Leading British independent schools will soon be educating more foreign students in overseas franchises than they do on British soil, a major survey of private schools suggests.

The latest annual census from the Independent Schools Council (ISC) reveals that its schools now run 39 overseas campuses, up from 29 in 2013 and 20 in 2012.

These institutions educate a total of 22,514 pupils, but independent school leaders say this number will rise “dramatically” as all the year groups fill up, rapidly overtaking the 24,391 overseas students who are now educated in the UK.

Leading private schools have been opening campuses abroad since 1998, when Harrow School set up a branch in Bangkok, Thailand. Other schools followed suit, including Dulwich College, which now has a network of seven schools in Asia.

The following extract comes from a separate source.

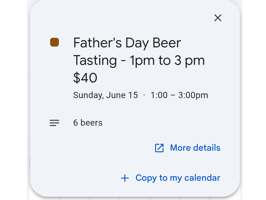 I came here for the Father's Day Beer Tasting. I had attended one previously and really enjoyed trying different beers and the host is very knowlegeable. It started late 1:20 vs. 1:00 PM and they didn't provide much details - so I ordered a snack - a very expensive snack. $17 for a charcuterie plate that included an abundance of nuts and 3 slices of meat and 3 slices of cheeses - each were 1 ounce. Very pricey.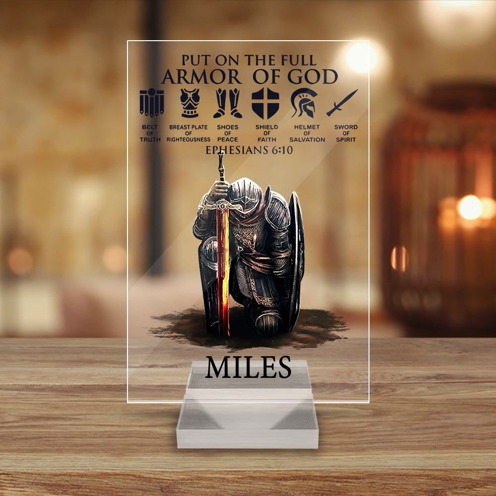 Honor your faith and inner strength with this Personalized Armor of God Acrylic Plaque, inspired by Ephesians 6:10. The powerful design features a fully armored warrior kneeling with a glowing sword and shield, symbolizing submission to God’s power and protection. Above the warrior is the verse “Put On The Full Armor of God”, along with visual representations of the six spiritual elements: Belt of Truth, Breastplate of Righteousness, Shoes of Peace, Shield of Faith, Helmet of Salvation, and Sword of the Spirit - a bold reminder of biblical strength.

Wellington College has built a “replica” school mimicking its architecture in Tianjin, China, with another opening in Shanghai this August. Brighton College runs two campuses in the United Arab Emirates, while Epsom College is opening its first overseas school in Kuala Lumpur, Malaysia, in September.

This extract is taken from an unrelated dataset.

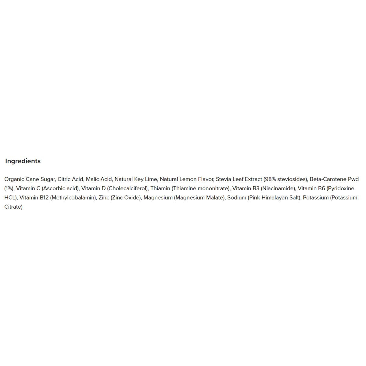 Organic Cane Sugar, Citric Acid, Malic Acid, Natural Key Lime, Natural Lemon Flavor, Stevia Leaf Extract (98% steviosides), Beta-Carotene Pwd (1%), Vitamin C (Ascorbic acid), Vitamin D (Cholecalciferol), Thiamin (Thiamine mononitrate), Vitamin B3 (Niacinamide), Vitamin B6 (Pyridoxine HCL), Vitamin B12 (Methylcobalamin), Zinc (Zinc Oxide), Magnesium (Magnesium Malate), Sodium (Pink Himalayan Salt), Potassium (Potassium Citrate).

Independent school leaders have said that the boom is being fuelled by a desire to fund bursaries for cash-strapped UK parents and “help sustain the British market”.

The recession prompted concern that pupil numbers would fall as middle and high earners tightened their belts. But the report says there have been “dramatically different experiences of the recession at schools in different parts of the country”.

In London, there has been a 14 per cent rise in pupil numbers since 2007. But in the North of England, where a number of elite schools have become state-funded academies as a result of families being unable to afford fees, there has been a drop of around 12 per cent in the past seven years.

Overall, figures show that pupil numbers at ISC schools that took part in this year’s and last year’s surveys have dipped very marginally to 504,362.

Barnaby Lenon, chairman of the ISC, said: “The rise in the numbers of pupils [in ISC school branches abroad] is going to be quite dramatic and the numbers of pupils in our franchise schools will rapidly overtake overseas pupils being educated here. It might slightly depress demand in the UK, but for most independent schools it is being used to pay for bursaries and attract a wider range of people to their UK schools.”

Hilary Moriarty, national director of the Boarding Schools’ Association, added: “The growth in ISC schools operating overseas campuses shows the schools’ entrepreneurial spirit and willingness to take a great education out to emerging markets and develop new income streams.”